In the summer of 2018, I spent two weeks digging out the silted pond at the bottom of our garden. It had fallen into wild disrepair, with water replaced by a sludged mix of soil, gravel and rotting vegetation. The space for frogspawn and tadpoles, froglets and tiny dancing fish – all gone!

I would wake up and be outside for five in the morning, fresh faced and keen, before beating a hasty retreat indoors as the heatwave blazed.

Step into the mud, dig the spade in, hear a sucking gulp as its surface was disturbed and another sodden plop as I threw it into the bucket, then the wheelbarrow. Squeal, as I realise that my plastic wellies had cracked in yet another crease and so my socks had got damp and squishy yet again.

Repeat…

For a few days my view was dominated by a constant pattern of green and brown and the occasional hazy reflection of the sky. As I hit the water table, I saw little pockets of glimmering white standing out against the slop.

After it was all dug out, rainwater poured in. Life returned.

The pond has always been a space for me to sit and think. Although I’ve never been one for swimming or water sports - noisy swimming lessons for a painfully shy, agonisingly short-sighted child will tend to have that effect - I have always been attracted to bodies of water.   I still play pooh-sticks with myself on the quiet bridge in the village, and spent my summer holiday learning how to skim stones across a reservoir’s unnerving surface.

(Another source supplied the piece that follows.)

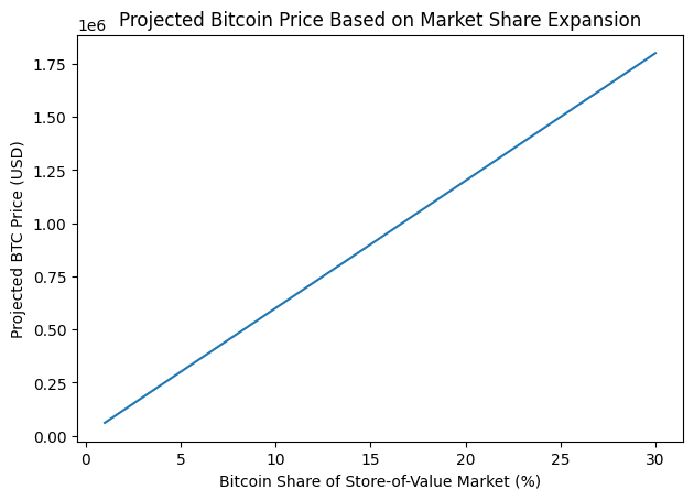 Bitcoin Price = (Total Store-of-Value Market × Bitcoin Market Share) ÷ Total BTC Supply

There is something about the possibilities of life around the water that intrigues me, the lives that I will only ever snatch glimpses of. I have learnt to accept that many things are mysteries, like love or life or death, and the creatures I half-see rank among these. I don’t know what the frogs, grass snakes and mayflies do with their flowing hours, apart from scare the living daylights out of me when I find one in a shoe!

Despite the individual nuances of our routines, watching the pond over the past two years has made me realise our respective places among the seasons and in this patch of land. Pond-digging has rooted me because now I know where I belong. Not literally - you wouldn’t catch me standing in there any more, not in my still-cracked wellies - but because each time I walk down to the pond and sit and think, I realise that I have the capability to make change happen.

Although my preference for social media may have put me in that sticky mess to start with, I learn from my mistakes. And as I learn, I watch.

I watch a grey heron wing his massive way above me, I watch frogspawn grow into tadpoles then into froglets and fully-grown frogs, who occasionally I need to shepherd across the driveway. I watch my twitchy reflection in the water’s surface, which is soon disrupted by a water boatman scuttling across my forehead.

When I am sitting here, without a thought in my head and my view full of life, that I am at my most peaceful. I have carved a space for myself and countless other creatures, and while we rely on the landscape for different things, I take solace in the feeling that we are alive in the same area of land and water and air, even if for only a glimmering instant.